Berenguer negó con gesto triunfal.
—Uno solo, impulsado con vapor de agua… Hasta un niño podría desplazarla.
Rodrigo se palmeó la frente y puso los ojos en blanco.
—¡Pero eso obligará a tener siempre agua hirviendo!
—En tiempo de paz permanecerá siempre abierta —prosiguió el catalán, sin disimular el orgullo de su logro—, disponible para el bibliotecario; pero si se cierne algún peligro, quedará sellada.
—Pero en caso de asedio no dará tiempo a calentar agua…
—Fuego griego —dijo Berenguer como si la explicación fuera evidente—. El calor que desprende la magistral mezcla bizantina es poderosa y ni siquiera el agua puede apagar el fósforo que contiene.

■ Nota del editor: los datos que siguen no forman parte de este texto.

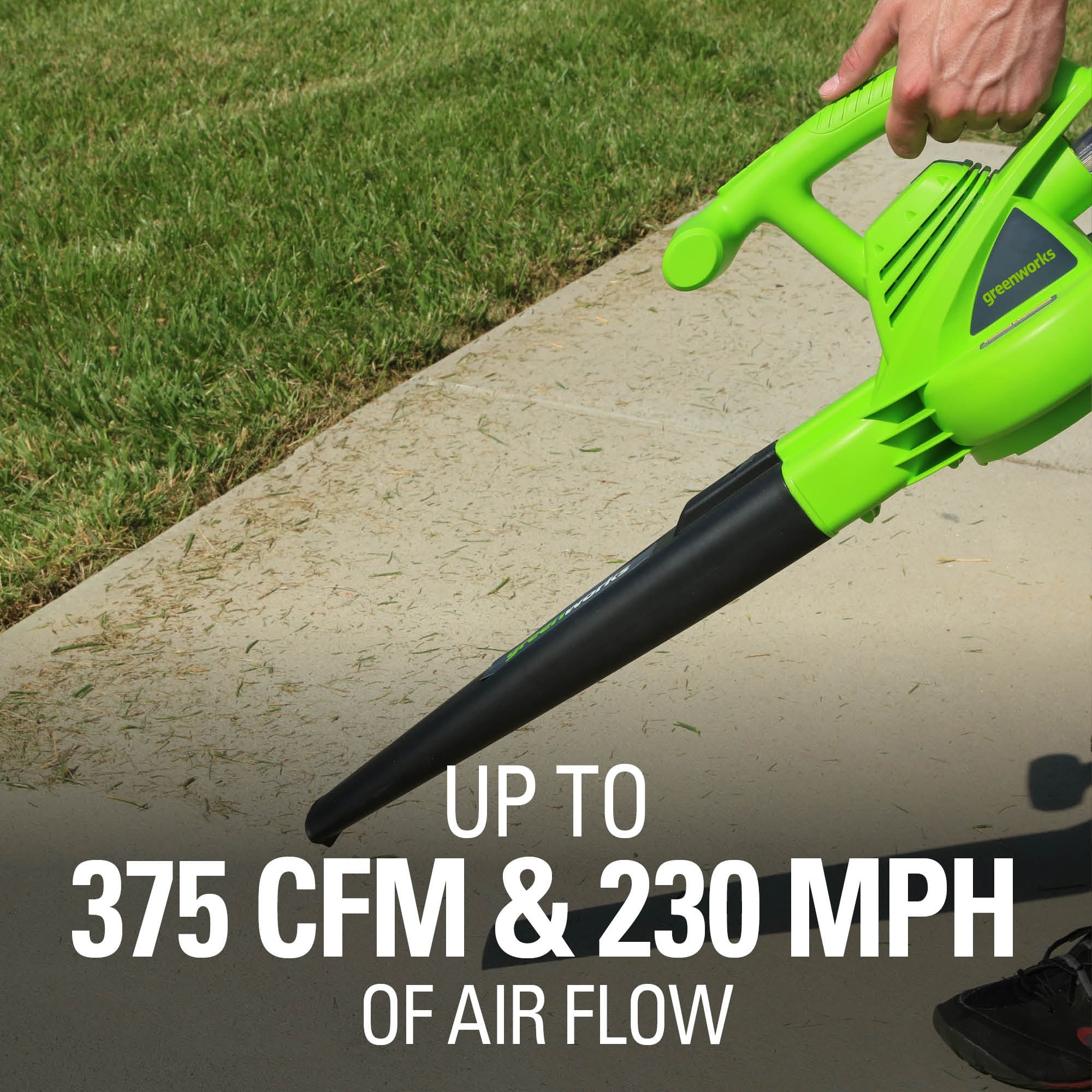 Greenworks 12 Amp 375 CFM at 230 Mph Corded Electric Leaf Blower/Mulcher/Vacuum 24022

—¡Ah! —clamó el hispano estrechando al monje entre sus delgados brazos—. Cuando veo estos milagros entiendo vuestra pasión por los escritos clásicos. ¡Cuánta sabiduría ha echado a perder esta necia humanidad! ¡Observa y aprende, Muhammad! —le indicó al joven, que seguía boquiabierto tras aquella inesperada demostración técnica.

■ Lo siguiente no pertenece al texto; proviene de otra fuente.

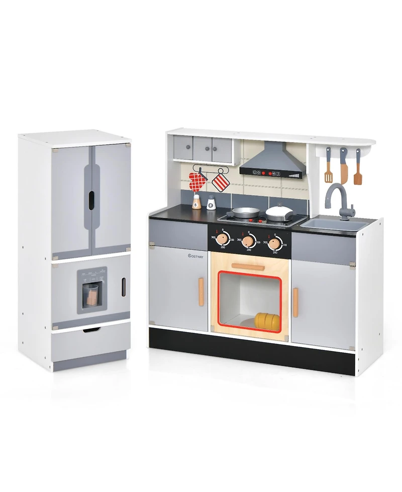 Wooden Chef Play Kitchen and Refrigerator with Realistic Range Hood and Roaster

Berenguer, exultante, se acercó a Dana.
—No desaproveches la oportunidad de entrar —le susurró mientras Rodrigo hablaba con el resto de los monjes—, así comprenderás por qué hemos mantenido este lugar aislado con tanto celo. Brian me pidió expresamente que te la mostrara. Hoy es el día.
Michel los observó con expresión torva, pero el monje catalán se mantuvo firme. Ella asintió en silencio, no tenía palabras para mostrar su agradecimiento. Juntos enfilaron un corredor que describía una curva abierta y estaba iluminado por pequeños candiles dispuestos en hornacinas.

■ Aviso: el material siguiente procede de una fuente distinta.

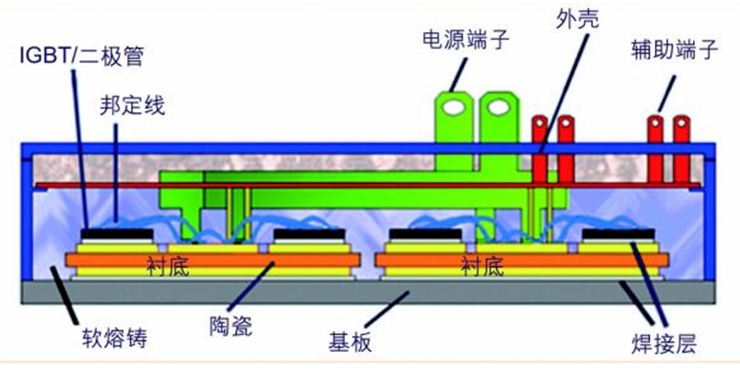 圖1:包括基板在內(nèi)的IGBT模塊構(gòu)架示意圖

—Anillos concéntricos —explicó Berenguer—. La estructura, cuadrada en el exterior, es circular tras los gruesos muros.
—Como el mausoleo de Augusto en Roma…
—Como el trono celestial —corrigió Berenguer.
—
Et in circuito sedis sedilia viginti quatuor et super thronos viginti quatuor seniores sedentes…
—La voz gutural de Michel recorrió el oscuro pasadizo.
La cara interior del corredor tenía aberturas a estancias pequeñas como capillas, y sobre cada dintel se había grabado una leyenda. Dana se dio cuenta de que era la consolidación en piedra de los esbozos ocultos en la talla de la Virgen.
Berenguer se detuvo ante uno de los cubículos y todos permanecieron atentos.
—La biblioteca ocupa tres plantas sobre el
scriptorium
y una subterránea, aprovechando el antiguo
sid
. Los muros y las cámaras han sido restaurados o levantados de nuevo, al igual que el tejado a dos aguas. Ahora estoy trabajando en los obstáculos para protegerla y en el aislamiento de algunas cámaras secretas…
—Ya veo… —adujo Rodrigo con una sonrisa cómplice.
—La estructura interna respeta la que diseñó Patrick O’Brien y emula el modo en que los antiguos concebían el universo. —Los ojos del monje catalán brillaban con satisfacción—. Desde las regiones celestiales en la tercera planta, donde se guardarán las Sagradas Escrituras y la teología, hasta el mundo de las tinieblas en el subterráneo.